Tesla has also made significant changes in its electric motors over the years to improve efficiency. In 2015, for instance, it introduced all-wheel-drive models by adding a motor to the front axle of the Model S, which was previously available only with rear-wheel drive. The second motor and axle add weight and increase friction in the driveline, yet the all-wheel-drive Model S 85D stretched its EPA range by five miles compared with the rear-drive car. How? Just as with internal-combustion engines, it is more efficient to run a small low-output motor at high load than it is to run a large motor at low load. And the 85D, which had a 188-hp motor on each axle, used only one of them unless the driver called for serious thrust, whereas the rear-driver ran its large 362-hp motor all the time.
Those early all-wheel-drive models employed two induction motors, which use fluctuations in electrical current to create the rotating magnetic fields that turn the motor. For 2019 models, Tesla switched the front motor to a more efficient permanent-magnet synchronous type in the Model S and Model X. This along with some other small tweaks increased the range on the Long Range variants by 10 percent, to 370 miles on a Model S and 325 on the Model X.

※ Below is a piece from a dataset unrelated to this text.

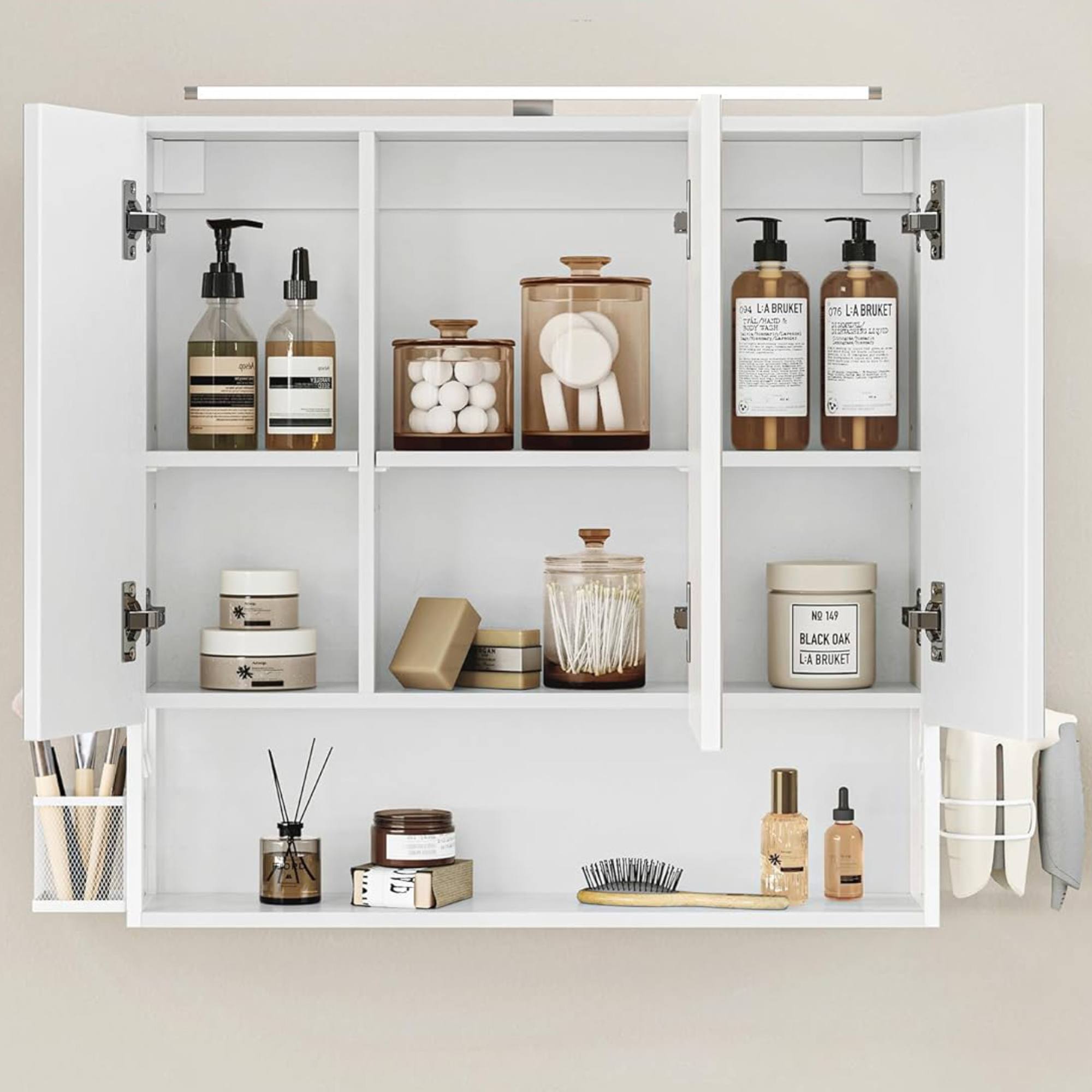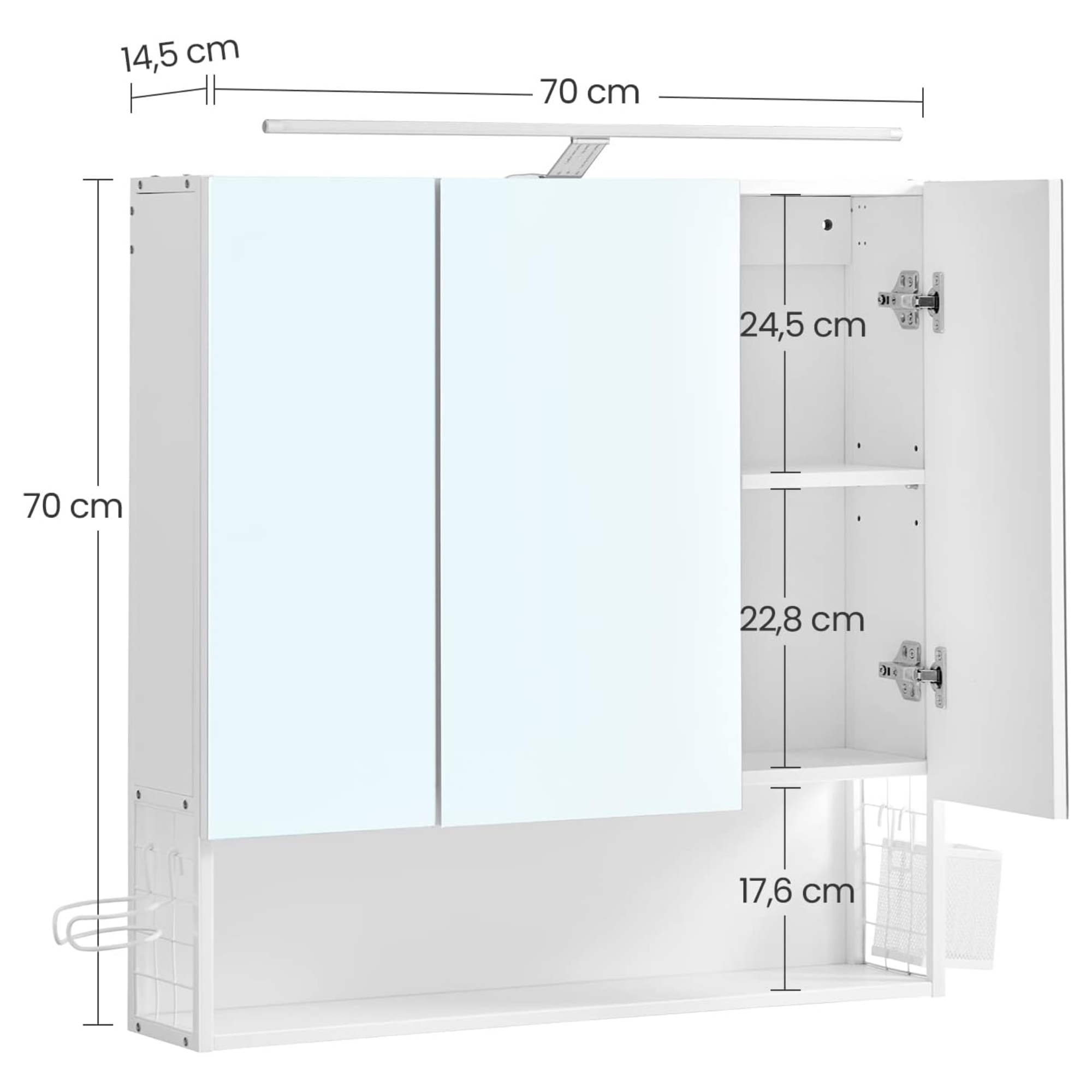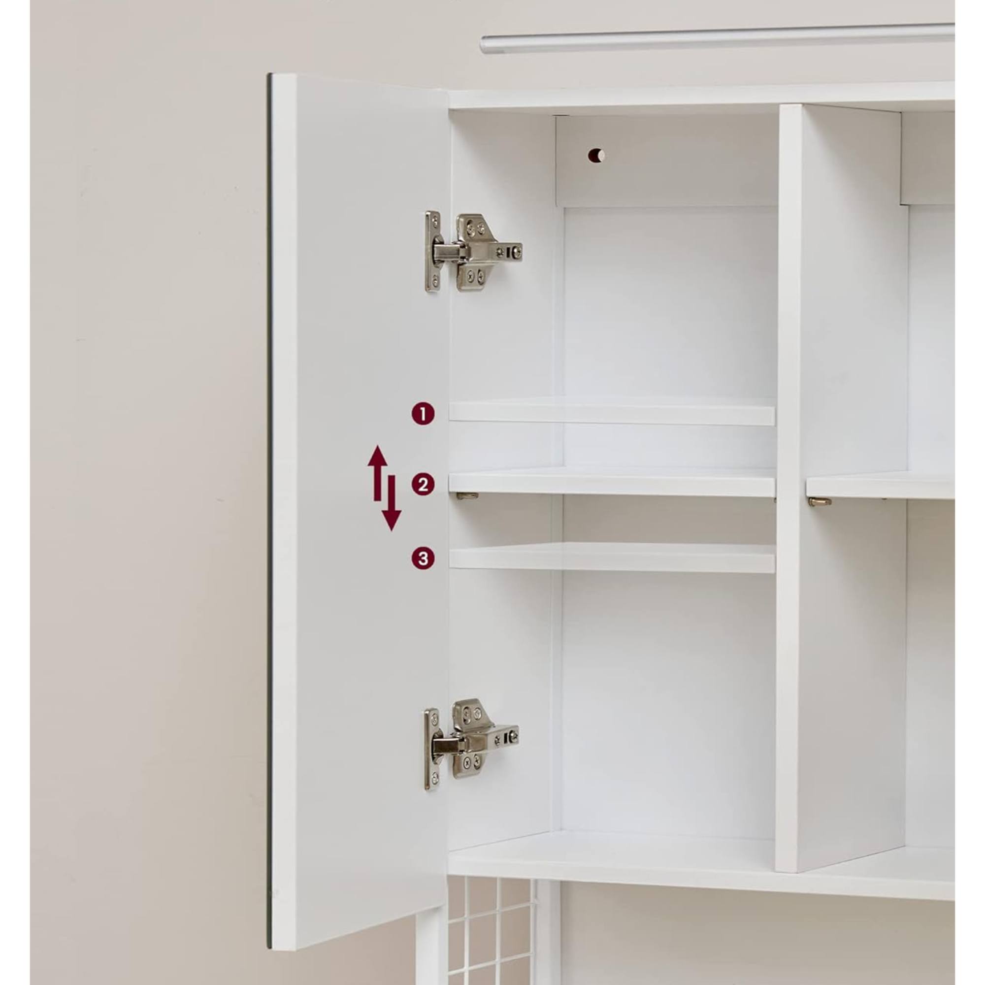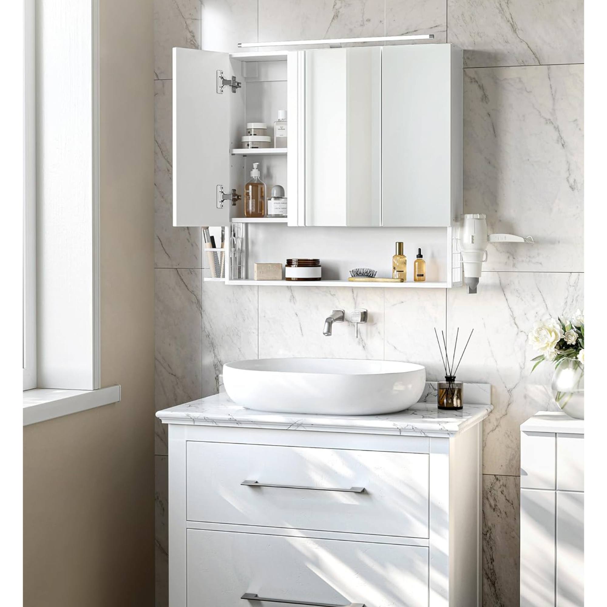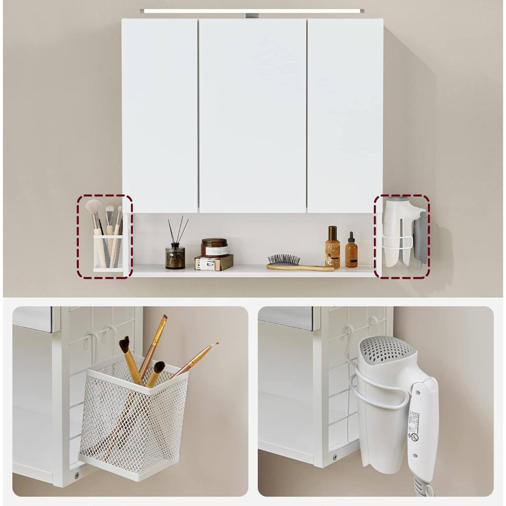 Za zrkadlovými dvierkami nájdete odkladací priestor delený policami, ktorý poskytne zázemie na kozmetické a hygienické prípravky. Nájdete tu aj otvorenú priehradku s úložným košom a držiakom na fén. Integrované LED osvetlenie zaistí dostatok svetla, ale dokáže vytvoriť v kúpeľni tú pravú relaxačnú atmosféru.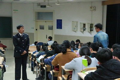 讲座伊始,黄警监先向同学们介绍了警察这一职位的古今称呼演变,对古今的公安科技进行论述,魔高一尺,道高一丈,科技为公安工作插上了翅膀,黄警监进而展示了当今高科技警用装备如:人脸识别、监控等及各类装备的设计理念。其中,黄警监特别强调了个体处于危险时的自救意识和配合警察公务的重要性。讲座最后,黄警监还与同学们进行了答疑解惑的互动,精辟的解答赢得了同学们的阵阵掌声,现场气氛热烈、思辨纷呈,本次讲座得到圆满结束。

Tesla’s new Model S Long Range Plus takes the range to 402 miles with further changes, including a 140-pound weight reduction in the seats, battery, and electric motors, plus more aerodynamic wheels, lower-rolling-resistance tires, and an electric oil pump for the rear motor that replaces a mechanical unit. That’s a lead that may give Tesla another eight years of EV range dominance.
The Lie-Detector Test
EPA range and efficiency tests are run on dynamometers, which must be calibrated so the resistance of the rollers mimics what happens out on real roads. The net force fighting a vehicle’s forward motion is called road load and encompasses aerodynamic drag, tire rolling resistance, and driveline friction.
Road load is measured through coastdown tests, wherein vehicles coast—hence the name—in neutral from about 80 mph all the way down to 10 mph. The resulting data of how quickly the vehicle slows is used to calculate the three coefficients for a quadratic equation that expresses the pounds of force resisting a vehicle’s forward motion at a given speed. Those coefficients define the dyno’s resistance during efficiency and range testing.
There are, of course, a number of guidelines in the SAE’s 39-page J1263 document around this procedure, including requirements for tire tread depth and vehicle break-in mileage to ensure that the test vehicles are representative of what people actually drive. But automakers can and do try to piece together the best-performing vehicle—one with the slickest bearings and least drag from the brake pads—and run it on the smoothest surface they can find.
Hyundai got in trouble for this in 2012. The company used highly optimized tires and cherry-picked favorable results that turned out to be unachievable in the real world. It got hit with a $100 million fine from the EPA in 2014 and reduced fuel-economy ratings across much of the 2012 and 2013 Hyundai and Kia lineups.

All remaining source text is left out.